If Matt LeBlanc is solo hosting Top Gear, the queen may as well abdicate
I know you're going through a bit of an identity crisis right now. Half your nation voted to leave Europe in the great "dear God, what have we done" Brexit referendum last month, and you're left figuring out your place in the world. Naturally, you're tempted to move westward, to your special relationship with America, and forsake all this European nonsense. Which is why I can understand you thinking that allowing Matt LeBlanc to solo-host Top Gearmight endear you to your American allies. Let me, then, in the humblest possible manner, offer an alternative opinion.
Britain, this is literally the worst idea you've had since you voted to Brexit without a plan and all your leaders resigned (you're really not having a good summer, are you?). Top Gear without a British host is like tea without a biscuit, Doctor Who without a TARDIS, Churchill without a cigar or a Pret a Manger without a queue. It's unspeakably un-British. And in case you haven't noticed, that's what makes us Yanks tune in: Top Gear's Britishness.
I know you think you're playing to our Friends nostalgia by hiring Joey to play the idiot American who doesn't know anything about this foreign country, but trust me, it's not doing you any favors. Chris Evans may have been trying way too hard to fill Jeremy Clarkson's impossible shoes, but at least he made an attempt to keep the format that made Top Gear the most-watched factual show in the world. Granted, most fans are just counting the days until Clarkson, James May and Richard Hammond's The Grand Tour airs on Amazon, but we were willing to give the new hosts a shot. After all, 4.7 million viewers at least gave it the old college try by tuning in, but as the mass failure of the successive shows proved, there was no magic.

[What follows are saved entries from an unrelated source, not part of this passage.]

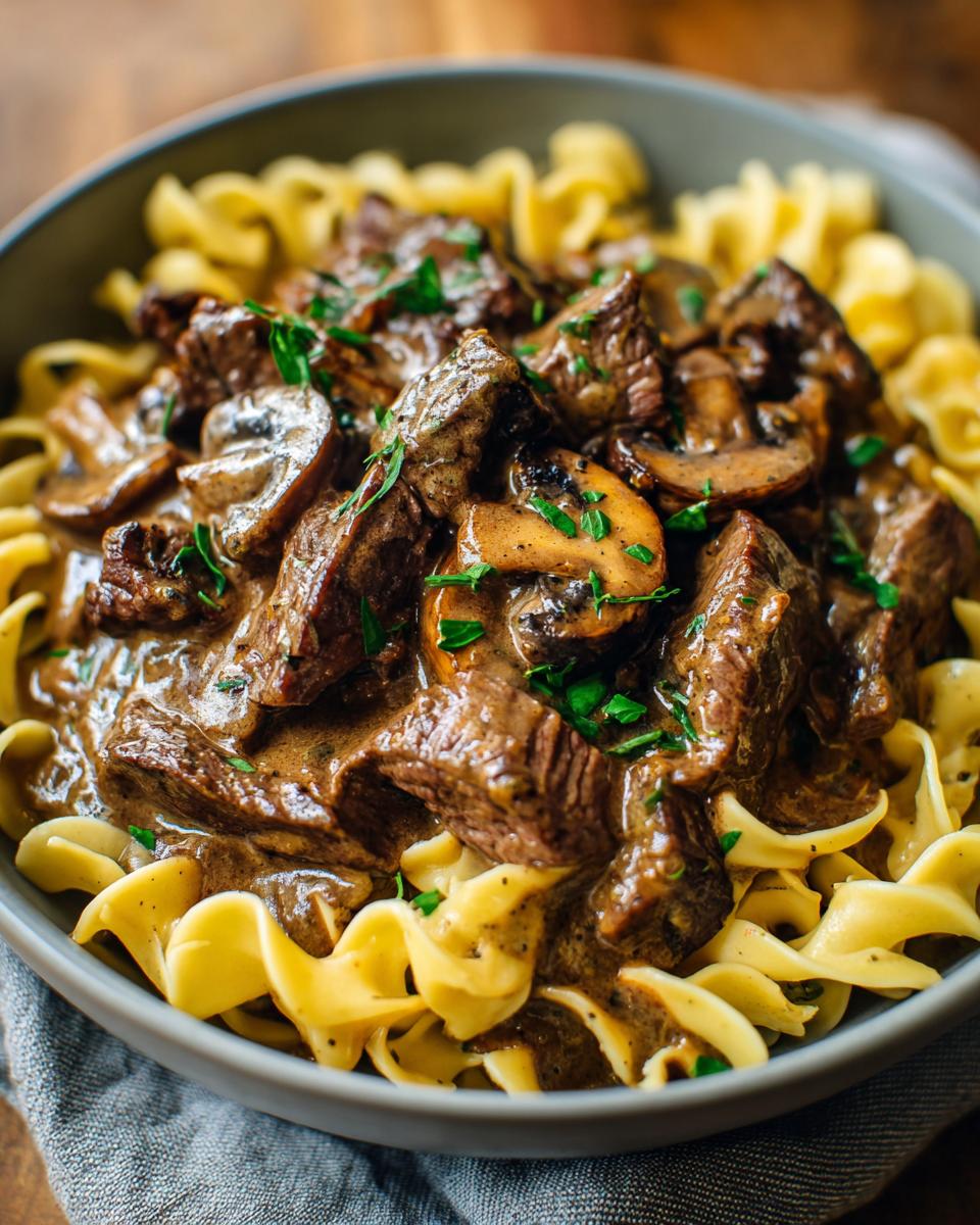 Oh, Beef Stroganoff! Just the name makes me think of cozy evenings and dinner that feels like a giant hug. There’s something magical about tender strips of beef swimming in the creamiest, dreamiest mushroom sauce, all spooned over fluffy noodles. It’s one of those classic comfort food dishes that just never gets old, you know? This recipe is my go-to because itโs wonderfully classic, super straightforward, and honestly, quite quick to whip up for a weeknight meal that tastes like a weekend treat. I remember making a huge batch for a friend whoโd just had a baby, and seeing the look on her face when she took that first bite? Pure bliss. This is the Beef Stroganoff that truly satisfies.
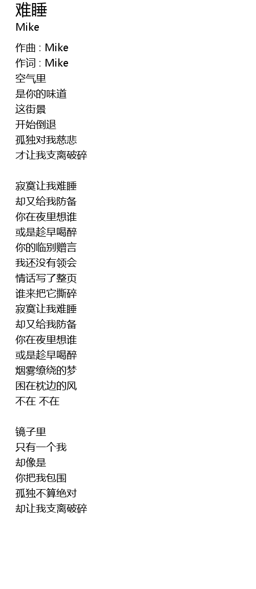 | 作词 : Mike | |
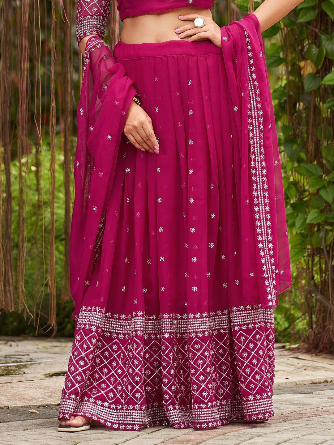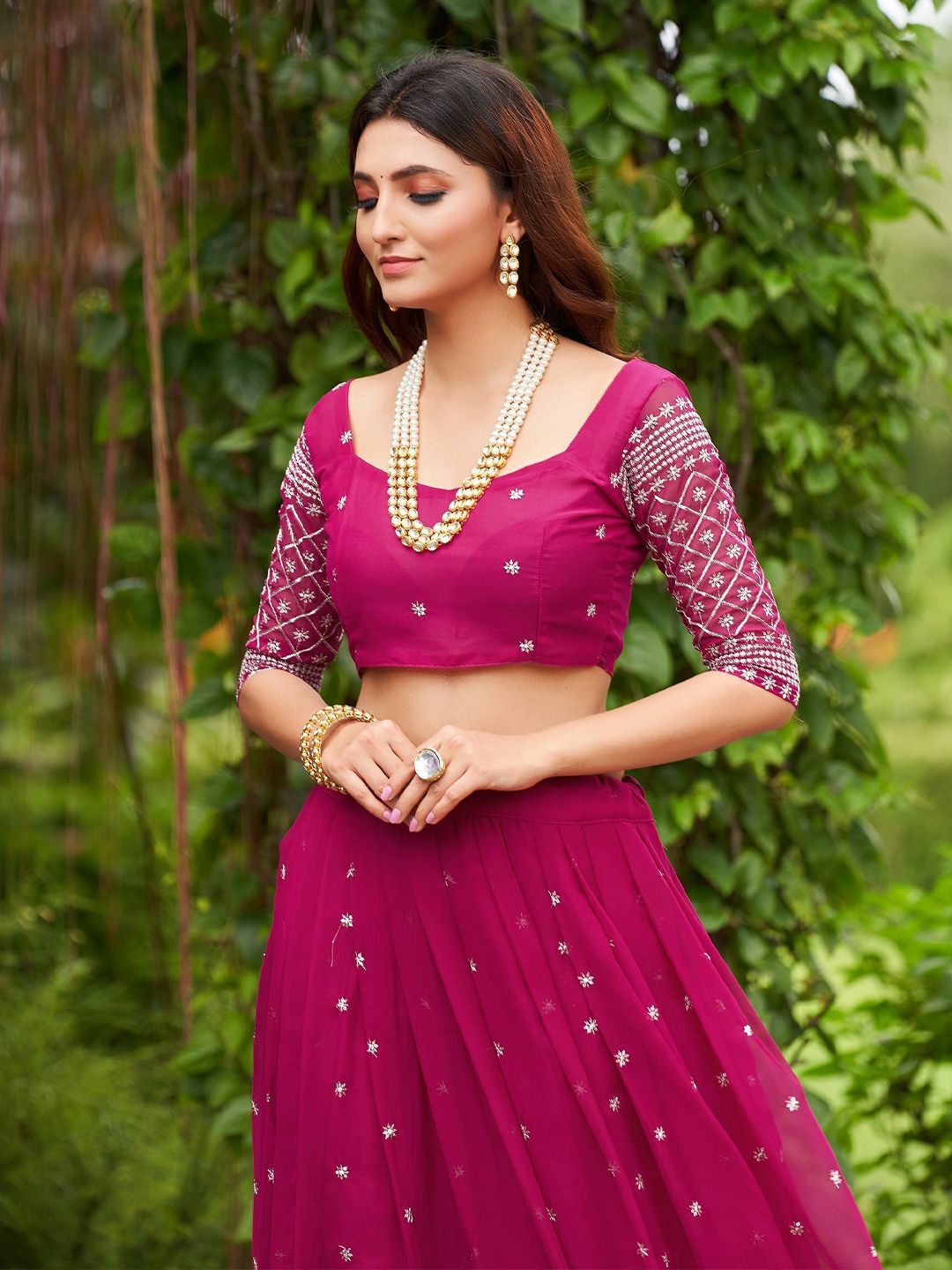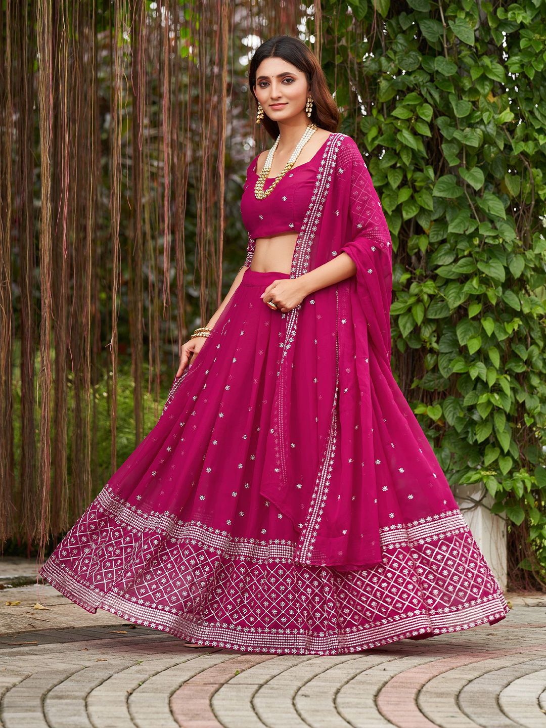 Pink Color Embroidered And sequence Georgette Flared Lehenga Choli Set with Dupatta

You may argue that it was the lack of camaraderie between Evans and LeBlanc, that Evans was reportedly a nightmare to work with or that a show made by and for Clarkson and his acolytes would never be accepted with new hosts. I don't think you'd be wrong, but I also don't think it's the whole story. If there's anything to be learned from this, it's that worldwide audiences not only tuned in weekly for the fast cars but for that hearty dose of the old British lads acting like rotten schoolboys that pandered to Clarkson, May and Hammond's charisma. For a nation that just asserted it wants to be nothing but British these days, there's no great surprise that Top Gear's cheeky winks and nods to British imperialism and mid-century nostalgia were a key draw for its huge viewership. What makes Top Gear great is that it is unapologetically British and proud of it — even when it's drooling over Italian cars and Swiss roads.
To then hand over the reins exclusively to an American, especially a highly irrelevant one such as 2016 Matt LeBlanc, is to say good-bye to everything that made the show beloved. It's a risky move to give Top Gear to someone who spent his first foray into hosting staring blankly at British city names and seeming disdainful of everything about the country, its cars and its culture. The same antics done by Americans falls flat without the dry humor, the infusion of intelligent insight and the innate stiff-upper-lip cheekiness. If you need proof, just look at the canceled Top Gear USA, which never managed to find a niche here. LeBlanc, with his blank stares, sleep-inducing voiceovers and seeming complete disinterest in even hosting the show, is sure to turn an already foundering ship into the Titanic as soon as he takes the helm.
So, I beseech the BBC to start over. Remake Top Gear into something altogether new, with new hosts, gimmicks and stunts. Shape it to fit a post-Brexit world where the nation is half imperialistic, half deeply ashamed, but still determinedly British. Don't cater to American audiences — if our binge lists filled with Downton Abbey, Sherlock, Broadchurch and The Great British Bake Off and the Prince Harry posters taped to our walls are any indication, we are all in on the Britishness.